▸ Task description
Go through the listing below and write out exactly the lines from the one that mentions "今朝からの雨は、登校時には弱" through the one that mentions "不可 ・明るさ 60W相当 |", minus the pictures.

▸ Provided data
----------------------------------------
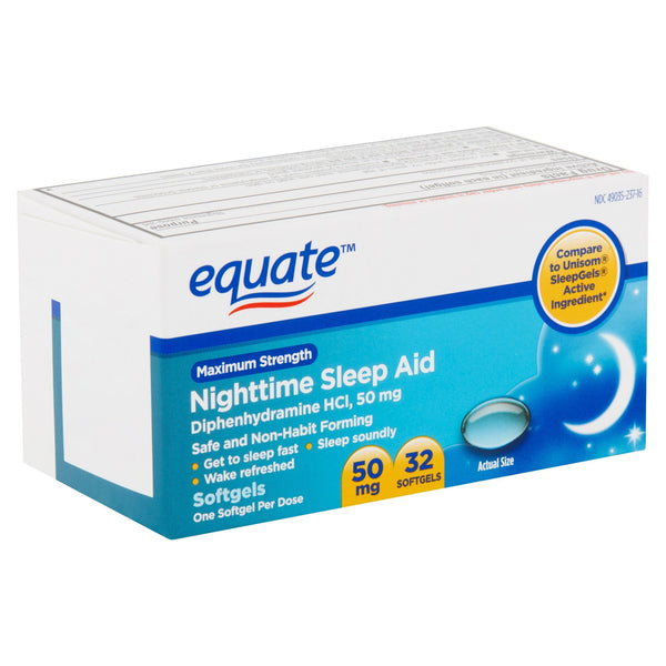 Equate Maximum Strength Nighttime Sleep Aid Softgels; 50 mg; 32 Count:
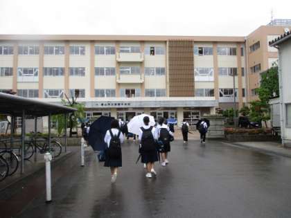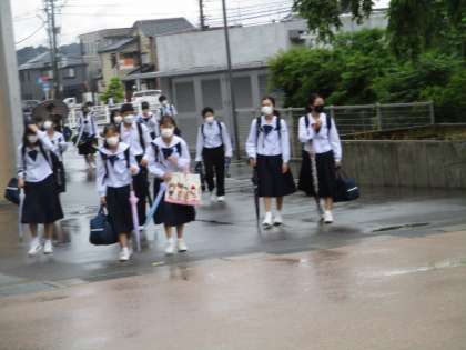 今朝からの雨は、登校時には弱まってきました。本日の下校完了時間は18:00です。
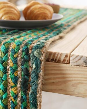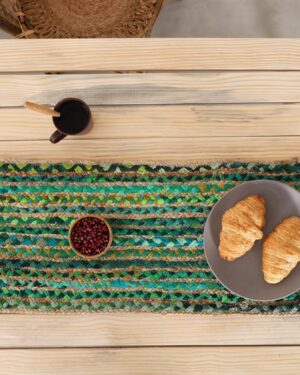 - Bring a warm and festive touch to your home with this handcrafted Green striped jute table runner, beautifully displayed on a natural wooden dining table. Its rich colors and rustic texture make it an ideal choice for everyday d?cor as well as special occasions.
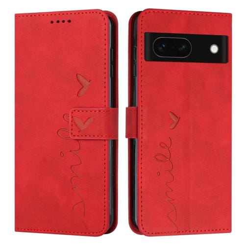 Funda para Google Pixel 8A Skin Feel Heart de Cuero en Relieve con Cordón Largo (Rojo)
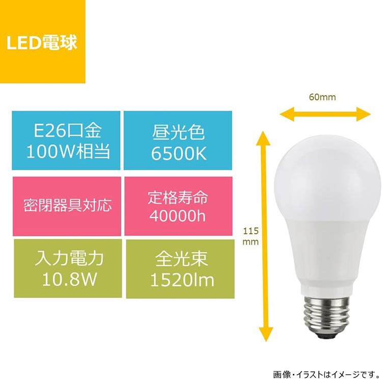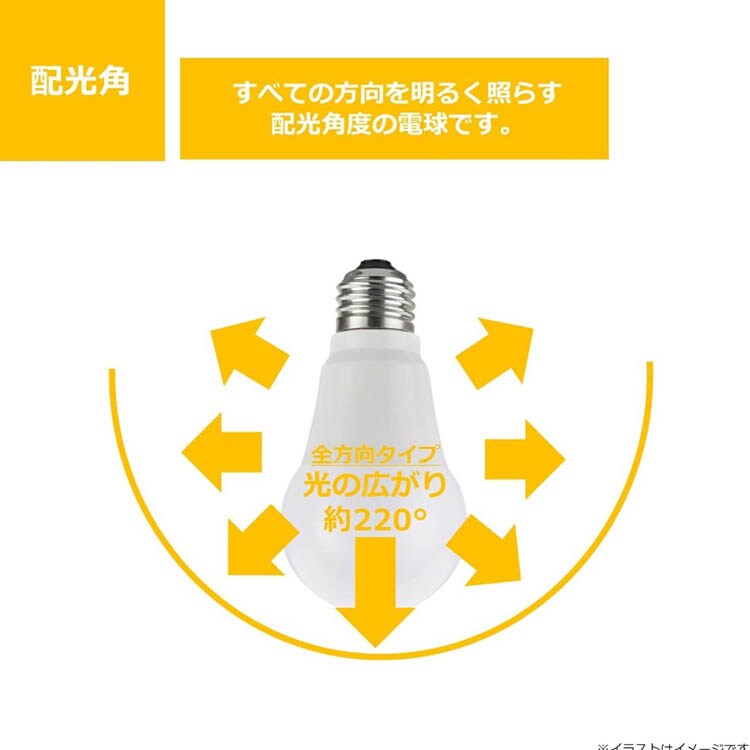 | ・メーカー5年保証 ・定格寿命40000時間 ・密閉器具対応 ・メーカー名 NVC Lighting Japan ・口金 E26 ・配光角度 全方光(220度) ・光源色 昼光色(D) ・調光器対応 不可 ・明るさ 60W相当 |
----------------------------------------
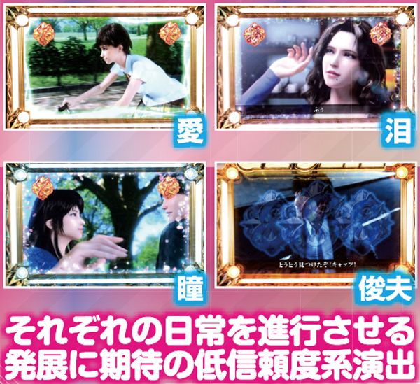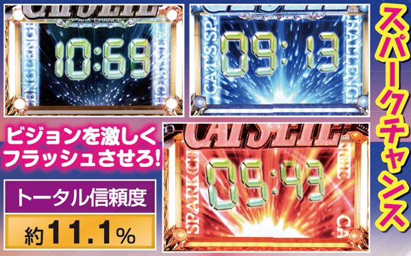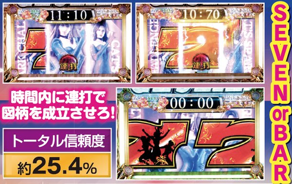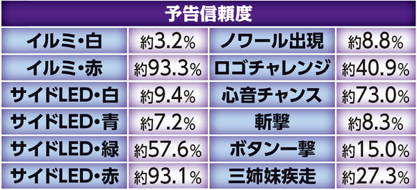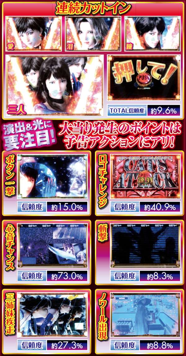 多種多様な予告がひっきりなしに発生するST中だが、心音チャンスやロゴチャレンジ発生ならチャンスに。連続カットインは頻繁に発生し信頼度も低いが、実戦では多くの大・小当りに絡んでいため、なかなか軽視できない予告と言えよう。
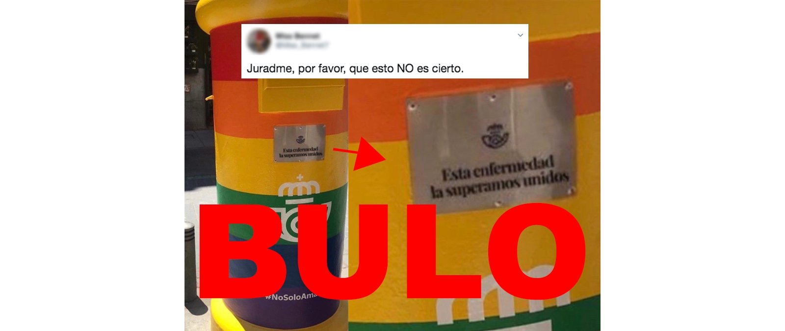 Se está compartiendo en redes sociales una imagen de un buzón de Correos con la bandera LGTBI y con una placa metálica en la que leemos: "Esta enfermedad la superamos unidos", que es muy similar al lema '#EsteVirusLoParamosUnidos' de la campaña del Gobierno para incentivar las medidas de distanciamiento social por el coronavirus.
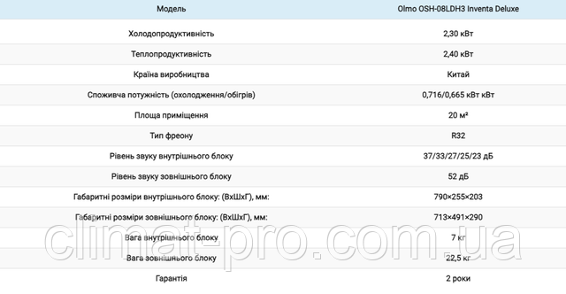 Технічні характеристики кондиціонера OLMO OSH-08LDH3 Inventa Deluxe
----------------------------------------
▸ Task solution
 今朝からの雨は、登校時には弱まってきました。本日の下校完了時間は18:00です。
 - Bring a warm and festive touch to your home with this handcrafted Green striped jute table runner, beautifully displayed on a natural wooden dining table. Its rich colors and rustic texture make it an ideal choice for everyday d?cor as well as special occasions.
 Funda para Google Pixel 8A Skin Feel Heart de Cuero en Relieve con Cordón Largo (Rojo)
 | ・メーカー5年保証 ・定格寿命40000時間 ・密閉器具対応 ・メーカー名 NVC Lighting Japan ・口金 E26 ・配光角度 全方光(220度) ・光源色 昼光色(D) ・調光器対応 不可 ・明るさ 60W相当 |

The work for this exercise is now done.